Axion-philic cosmological moduli
Kwang Sik Jeong, Wan Il Park

TL;DR
This paper demonstrates that string moduli naturally decay into axions and Nambu-Goldstone bosons without mass suppression, making them significant sources of dark radiation and potential dark matter candidates in string cosmology.
Contribution
It reveals the axion-philic decay properties of string moduli, highlighting their role in producing dark radiation and dark matter in string theory frameworks.
Findings
Moduli decay into axions without mass suppression.
String moduli can produce observable dark radiation.

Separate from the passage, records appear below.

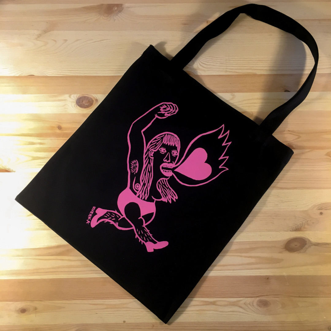 Театральные продюсерки Ксения Аникеева и Полина Зарипова и кинорежиссер Юрий Кропачев открыли первый в России онлайн-фемшоп «Самка». В нем можно купить книги по теории феминизма, шоперы с сюрреалистичными иллюстрациями, стикерпаки российских художников Nina Stadnik и Rodion Kitaev, а также термопатчи с лозунгами «Тронь меня и умри», «Дерись как женщина» и «Мастурбация никогда не разобьет тебе сердце», напоминающие кутюрный показ Viktor & Rolf.
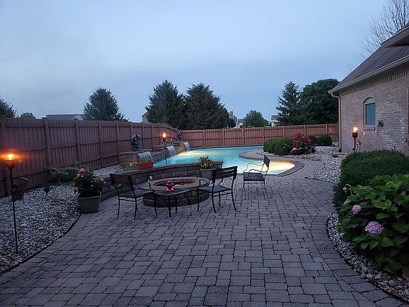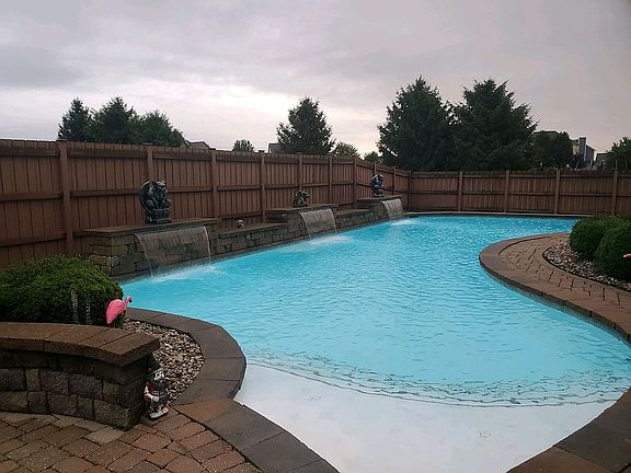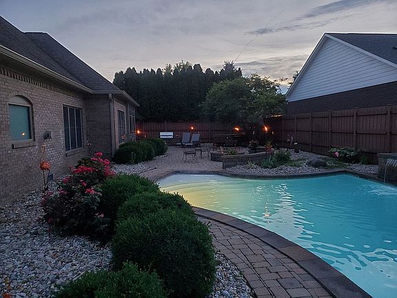 Generously proportioned 4BR 2.5BA custom home offers a warm feeling of spaciousness and quality throughout. Cheerful kitchen w/tons of work space, Corian counters, Hickory cabinets & breakfast nook, elegant dining room, office w/French doors & hardwood floors, opulent 2-story living room w/fireplace, main level master suite w/his & her walk-in closets & large European shower, bonus room w/wet bar, central radio system, 9' ceilings, arched openings, transom windows & 3-car garage. Plus, incredible outdoor entertaining space with curved salt water in-ground pool featuring 3 waterfalls and diving board, full patio w/landscaping, gas firepit & gas grill. This home is truly one-of-a-kind!
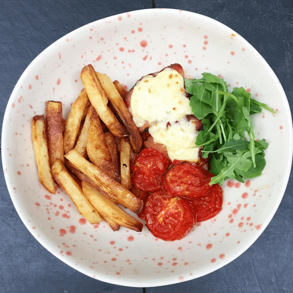 Hunter’s chicken, or cacciatora – a slow-cooked chicken stew, with a hearty tomato and red wine sauce – is a stalwart of the traditional Italian menu. You may have paused to wonder what kind of hunter, Fantastic Mr Fox aside, would go out hunting and come back with a chicken. Not a very adept one, we’d guess. But jokes aside, it’s more likely this dish was cooked up for hunters after a tiring day's graft or as Jamie Oliver puts it ‘the type of food that a hunter’s wife cooks for her fella(!) when he gets home from a hard morning spent in the countryside.’ We’d have to agree with Jamie on this one, though we suspect it’s more likely to have been made with game or rabbit.In fact, we’ve misled you. Because this ‘hunter’s chicken’ isn’t anything like the Italian original. Other than the fact that chicken is the key ingredient, there is nothing we can find that ties the two recipes together. Indeed this version is the kind you’d expect to find on a classic pub grub menu, rather than from the rustic kitchen of an Italian housewife. There's tender chicken breasts, BBQ Sauce, crispy bacon and melted cheese…what’s not to love? Served up with slow-roasted tomatoes and oven-baked chips (much healthier than their deep-fried cousins), you’ve got yourself a delicious mid-week supper. We spoil you, we really do.

Potential contribution to dark matter from superpartners.
Abstract
We show that string moduli have axion-philic nature owing to the model-insensitive derivative interactions arising from the Kaehler potential. The decay of a modulus into stringy axions occurs without suppression by the mass of final states. Interestingly, it turns out to hold in general not only for the scalar partner of the stringy axion but also for any other moduli. The decay into (pseudo) Nambu-Goldstone bosons (NGBs) also avoids such mass suppression if the modulus is lighter than or similar in mass to the scalar partner of the NGB. Such axion-philic nature makes string moduli a natural source of an observable amount of dark radiation in string compactifications involving ultralight stringy axions, and possibly in extensions of the Standard Model that include a cosmologically stable NGB such as the QCD axion. In the latter case, the fermionic superpartner of the NGB can also…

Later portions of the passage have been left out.